ACR Weighs Pros and Cons of Reporting Breast Density to Patients

As a greater push continues to be made to inform women about their breast density as a risk factor for breast cancer nationwide, it's important to consider a few caveats, says the ACR. In a statement issued this week, the group took great pains to affirm its commitment to being ahead of the curve--so to speak--on advocating for "quality breast imaging." But ACR also wants people to know that breast density has an inverse relationship on mammography sensitivity; i.e., denser breasts, lower sensitivity. Putting that information in a medical report is useful information for a provider, they say, but may be less so for patients. "While the ACR is not opposed to including breast parenchymal information in the lay summary, we urge strong consideration of the benefits, possible harms and unintended consequences of doing so," the group said in a press release. Among its concerns are the idea that breast density assessments are not "reliably reproducible" and "may convey a false sense of security about negative mammography results" for women with fatty breasts.
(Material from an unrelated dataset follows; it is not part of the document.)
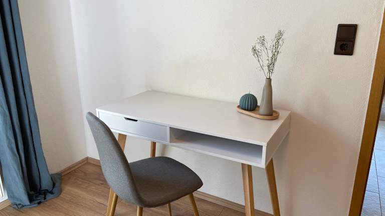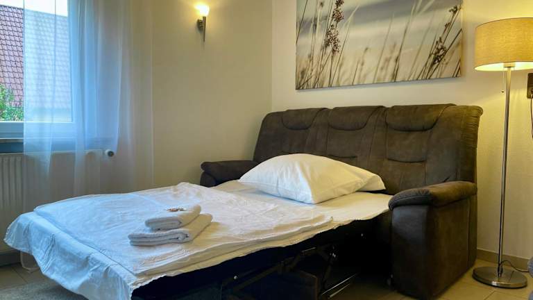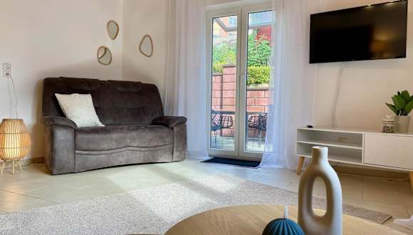 Die Wohnung verfügt über ein Schlafzimmer, ein Wohnzimmer und ein Badezimmer mit Dusche. Zur Ausstattung gehören ein Flachbild-TV sowie eine gut ausgestattete Küche mit Kühlschrank und Ofen. Handtücher und Bettwäsche werden bereitgestellt.
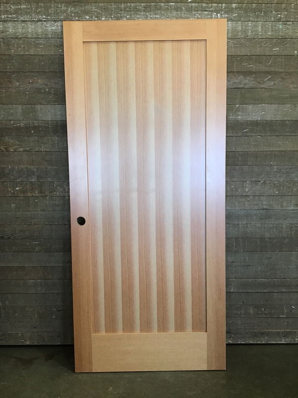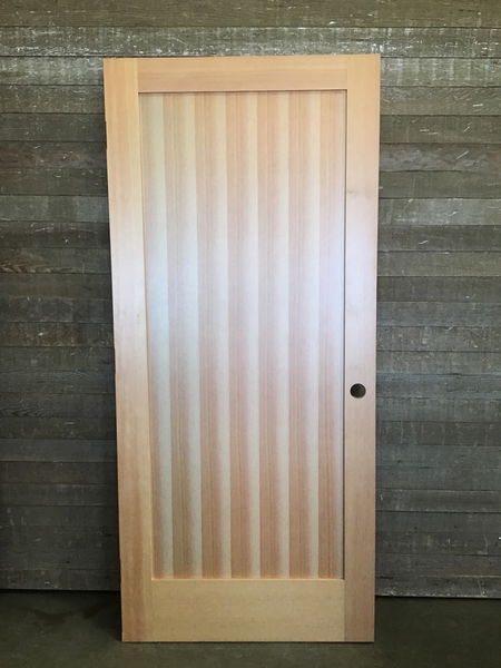 Never installed, fir single shaker panel interior door. Has right hand swing hinge cuts and a beautiful clear finish. No signs of damage.

Additionally, the group posits that "the significance of breast density as a rick factor for breast cancer is highly controversial," and could drive additional demand for ultrasound and MRI, thereby causing a wedge issue among insured and uninsured at-risk women. The group refers "legislators, regulatory agencies and patient groups" to "the experience in the state of Connecticut," the only U.S. state to require insurer-covered breast density screening and patient notification of breast density in mammography results, as a likely model for implementation of breast density laws.